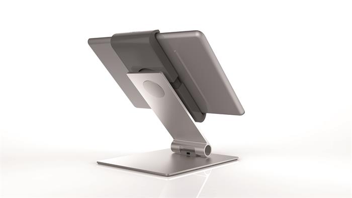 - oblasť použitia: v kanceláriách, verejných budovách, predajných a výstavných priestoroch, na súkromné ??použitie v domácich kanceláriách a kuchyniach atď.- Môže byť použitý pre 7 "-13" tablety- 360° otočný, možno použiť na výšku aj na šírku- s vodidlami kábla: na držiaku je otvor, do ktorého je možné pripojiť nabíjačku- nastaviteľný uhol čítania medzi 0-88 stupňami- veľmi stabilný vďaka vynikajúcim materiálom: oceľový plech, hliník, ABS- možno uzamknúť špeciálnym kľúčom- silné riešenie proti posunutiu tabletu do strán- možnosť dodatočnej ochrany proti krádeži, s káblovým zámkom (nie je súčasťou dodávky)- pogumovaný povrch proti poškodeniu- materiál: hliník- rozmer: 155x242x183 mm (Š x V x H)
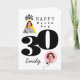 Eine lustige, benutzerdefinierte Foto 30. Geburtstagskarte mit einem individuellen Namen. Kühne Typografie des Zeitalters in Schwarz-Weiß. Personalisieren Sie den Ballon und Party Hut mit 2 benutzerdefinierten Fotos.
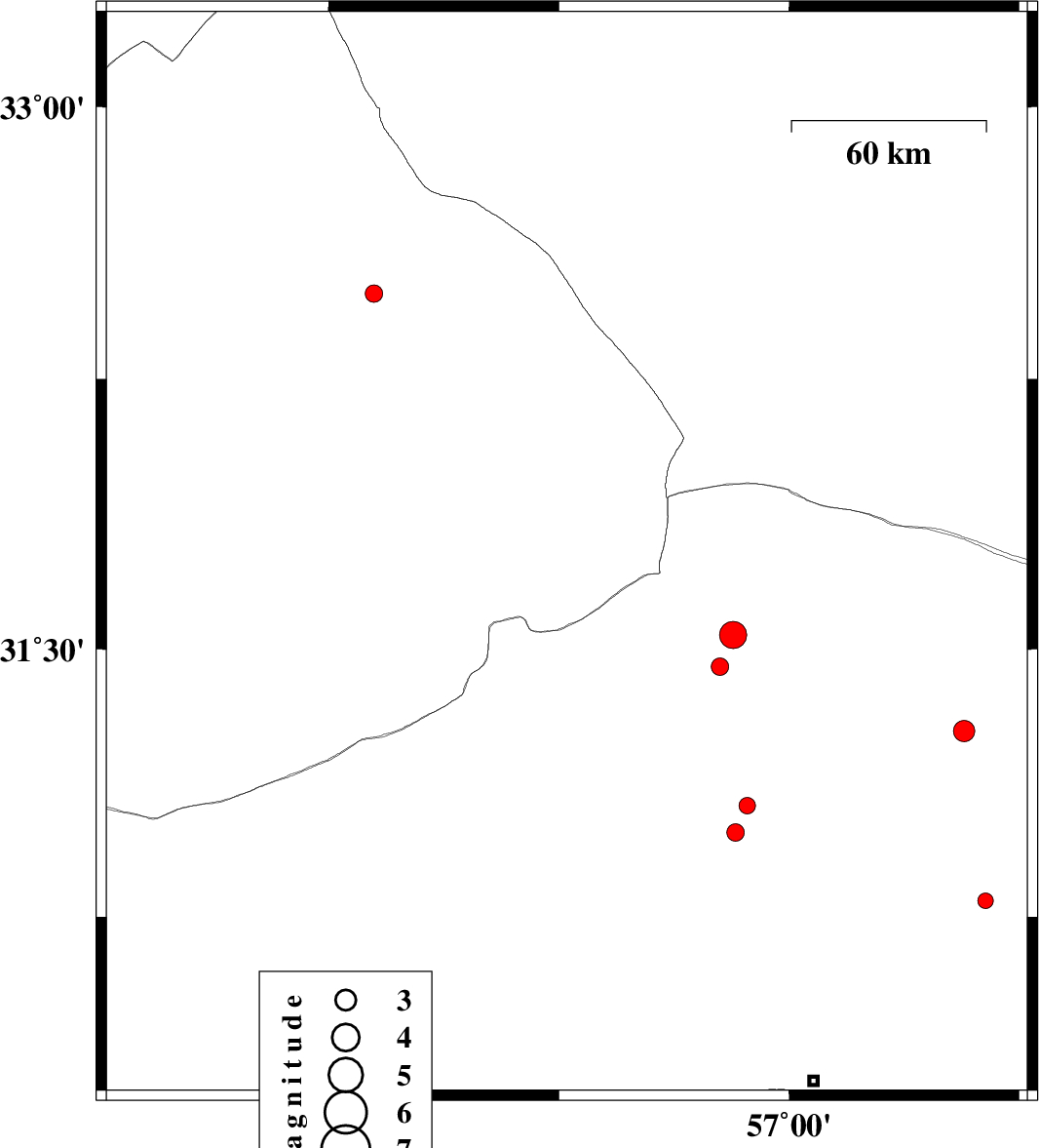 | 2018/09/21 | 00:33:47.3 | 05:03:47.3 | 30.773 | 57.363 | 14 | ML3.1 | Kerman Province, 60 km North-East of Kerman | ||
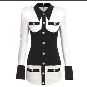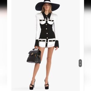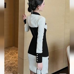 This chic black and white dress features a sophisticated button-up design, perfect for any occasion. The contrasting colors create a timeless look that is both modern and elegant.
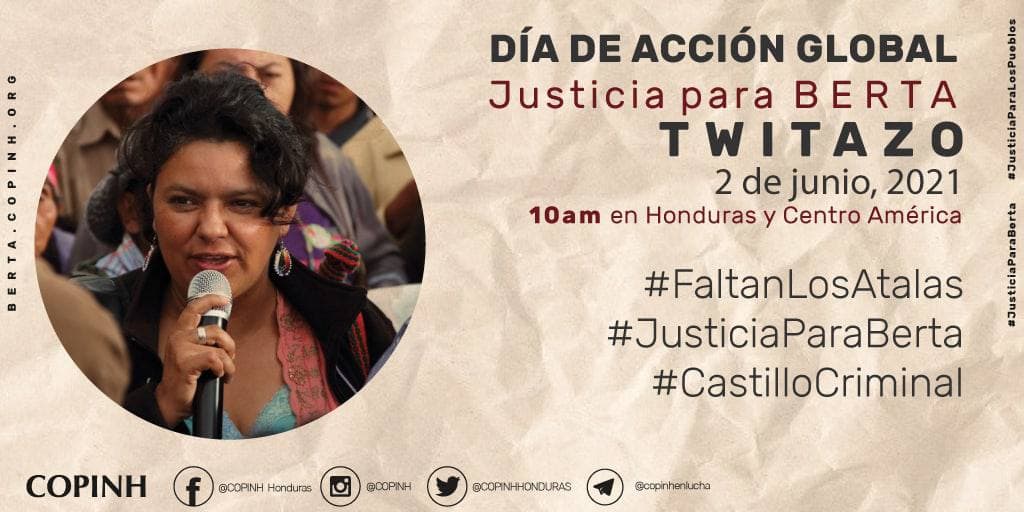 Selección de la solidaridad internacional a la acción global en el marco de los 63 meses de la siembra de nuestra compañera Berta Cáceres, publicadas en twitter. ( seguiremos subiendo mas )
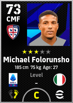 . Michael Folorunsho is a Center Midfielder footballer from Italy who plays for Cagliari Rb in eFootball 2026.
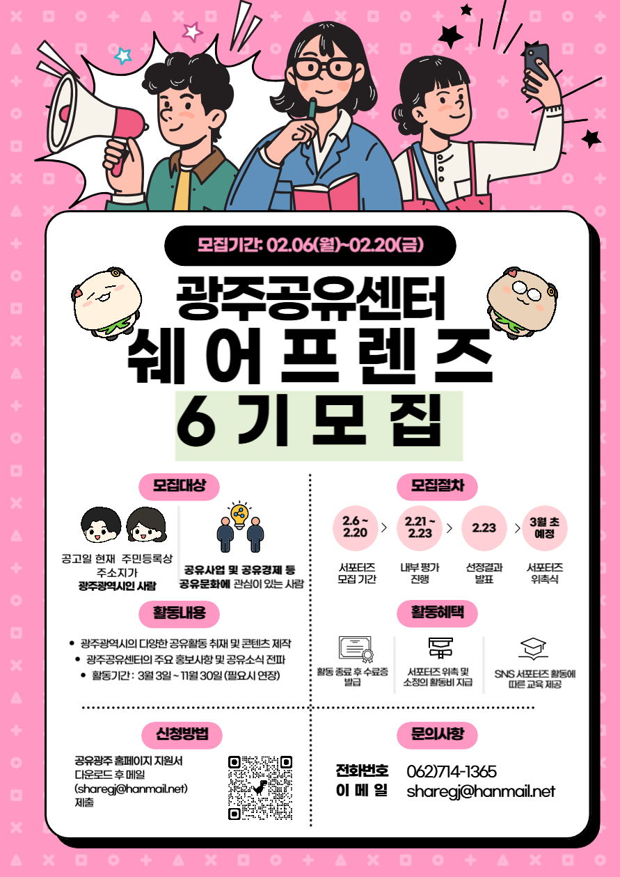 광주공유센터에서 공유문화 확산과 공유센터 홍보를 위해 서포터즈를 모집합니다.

---*---

Exercise:
Please return exactly the lines from the one containing "Kerman | ||" through the end of the material above, both ends included, but not the pictures.

Result below:
 | 2018/09/21 | 00:33:47.3 | 05:03:47.3 | 30.773 | 57.363 | 14 | ML3.1 | Kerman Province, 60 km North-East of Kerman | ||
 This chic black and white dress features a sophisticated button-up design, perfect for any occasion. The contrasting colors create a timeless look that is both modern and elegant.
 Selección de la solidaridad internacional a la acción global en el marco de los 63 meses de la siembra de nuestra compañera Berta Cáceres, publicadas en twitter. ( seguiremos subiendo mas )
 . Michael Folorunsho is a Center Midfielder footballer from Italy who plays for Cagliari Rb in eFootball 2026.
 광주공유센터에서 공유문화 확산과 공유센터 홍보를 위해 서포터즈를 모집합니다.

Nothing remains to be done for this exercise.